Blalock enjoyed this T'Pol centric episode: "I hate to sound biased, but it was so much fun to do. It was the first T'Pol spotlight episode."

==Continuity==
The actions of this episode are revisited in the Season 2 episode "Stigma", when it is revealed that T'Pol has contracted Pa'nar Syndrome from the mind meld performed in this episode. The Pa'nar Syndrome and mind meld theme continues in the Season 4 three-part story arc of "The Forge", "Awakening" (in which T’Pol is cured by T'Pau) and "Kir'Shara".

== Reception ==

"Fusion" was first aired in the United States on UPN on February 27, 2002. According to Nielsen Media Research, it received a 3.0/5 rating share among adults. It had an average of 4.5 million viewers. This episode marked the ratings low point of the season.
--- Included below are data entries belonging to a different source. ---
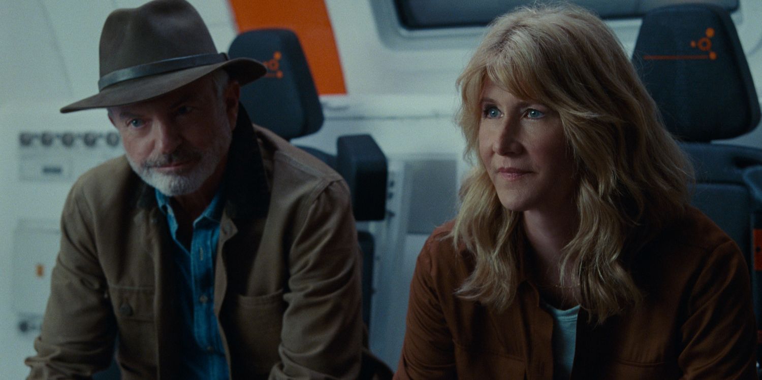(from left) Dr. Alan Grant (Sam Neill) and Dr. Ellie Sattler (Laura Dern) in Jurassic World Dominion, co-written and directed by Colin Trevorrow.
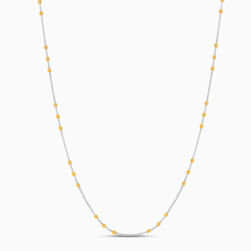 سلسلة صندوقية راقية من الذهب عيار 22 قيراطًا مزينة بالخرز الرقيق ومزينة بطلاء الروديوم لإضفاء أناقة رقيقة مزدوجة اللون. صُممت هذه القطعة بطول 18 بوصة لتضفي أناقة لا يحدها الزمن للارتداء اليومي.
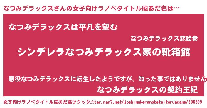 | 男性向けラノベタイトル風あだ名 | 『冴えないなつみデラックスの育てかた』 |
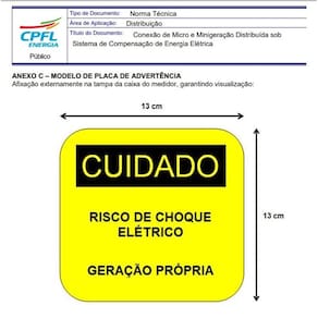Placa Cuidado - Geração Própria - Padrão CPFL Tamanho 13x13 ca 10Un
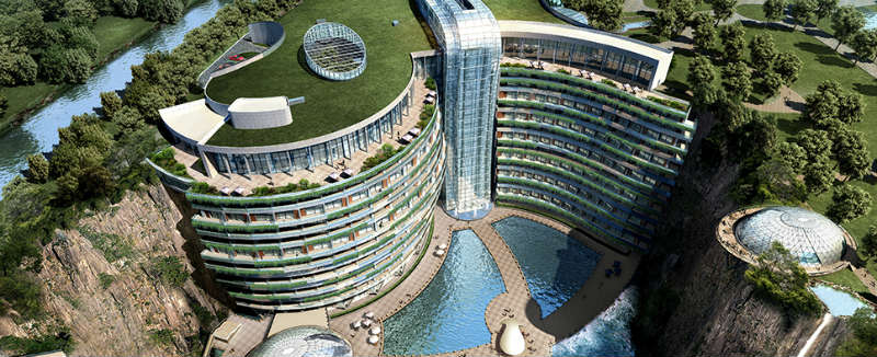 Das InterContinental Shimao Wonderland ist das einzige Hotel der Welt, das in einem verlassenen Steinbruch gebaut wurde. Der Boden des Steinbruchs wird mit Wasser gefüllt, sodass 2 der 19 Stockwerke dieses beeindruckenden Gebäudes praktisch unter Wasser stehen werden. Und diese außergewöhnliche Idee eines 5-Sterne-Wolkenkratzers, der tief in die Erde gebaut wurde, wäre nicht möglich gewesen, ohne dass sich Architekten auf die Widerstandsfähigkeit und Langlebigkeit von Naturstein verlassen konnten.
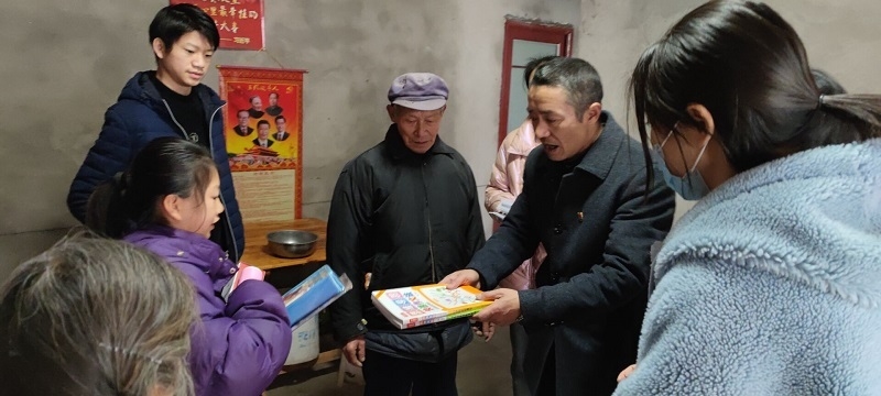 这是1月14日下午,该校党支部组织党员教师开展走访慰问活动的暖心一幕。党员教师们特意为留守儿童送去孩子们喜欢的羽毛球、书籍等学习文体用品。
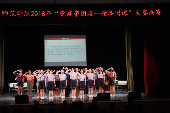 决赛中,各参赛团支部通过小品、歌曲、话剧、游戏、演讲、视频演示等多种形式,充分展现了当代大学生听党话、跟党走的坚定决心和励志求索、发奋成才的昂扬斗志,团课内容紧扣主题,既有理论高度,又体现了各专业学生的优势特点,对接了服务基础教育的现实追求,融教育性、趣味性、创新性于一体。最终,文学与新闻传播学院选送的《携手共筑教育梦,青春献礼新时代》荣获一等奖;城南书院选送的《学习贯彻十九大精神,争做优秀乡村教师》、教育科学学院选送的《贯彻十九大,扶贫教育梦》荣获二等奖;外国语学院选送的《团课练习生》、美术与设计学院选送的《紧跟新时代,争做新青年》、音乐舞蹈学院选送的《复兴之路》荣获三等奖。
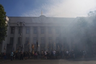 Сегодня в правительственном квартале Киева снова небо затянуто густым едким дымом. Возле здания Рады несколько сотен человек проводят митинг, требуют отмены депутатской неприкосновенности. Люди стучат в барабаны, жгут файеры, бросают дымовые шашки и размахивают красно-черными знаменами. Активисты перекрыли выходы из здания парламента и боковой выезд для нардепов. К Раде подтянуты дополнительные силы Нацгвардии и полиции.
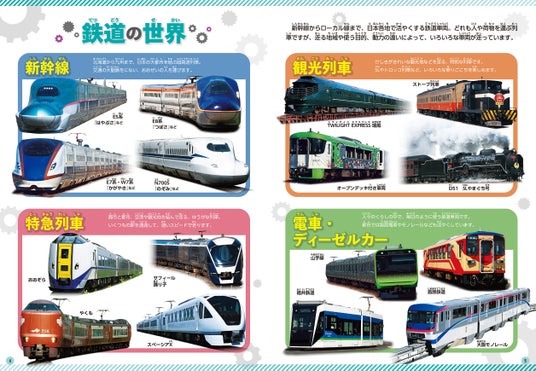 『鉄道』では、最新の超電導リニアや、大人気の新幹線はもちろん、日本全国を走る色鮮やかな観光列車などが大集合。様々な鉄道ネタが詰まった、大人でも夢中になってしまう1冊です。
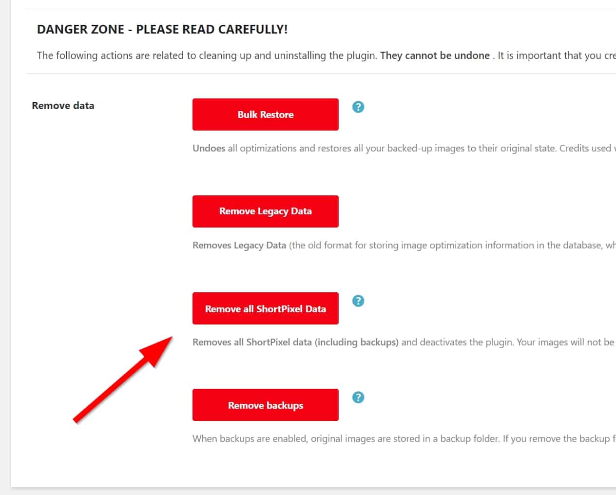 /wp-content/uploads/ShortpixelBackups/. - Go to Settings > ShortPixel > Tools, click on “Remove all ShortPixel Data” and follow the instructions.

Ain't It Cool News gave the episode 3.5 out of five, and praised Blalock for her performance and the guest actors for keeping up with her. Television Without Pity gave the episode a grade B.
Michelle Eric Green of TrekNation was relieved to find the episode was nothing like 9½ Weeks, and that sexuality was depicted appropriately, but said that if the show was not going to be suitable for family viewing, it needed to be marketed more responsibly. She praised Enrique Murciano's "creepy, sleazy performance" and noted: "Blalock must demonstrate the character's vulnerability without making her appear weak or victimized; she does an excellent job."
Keith DeCandido of Tor.com gave it four out of ten in his 2022 rewatch.

== Home media ==
This episode was released as part of Enterprise season one, which was released in high definition on Blu-ray disc on March 26, 2013; the release has 1080p video and a DTS-HD Master Audio sound track.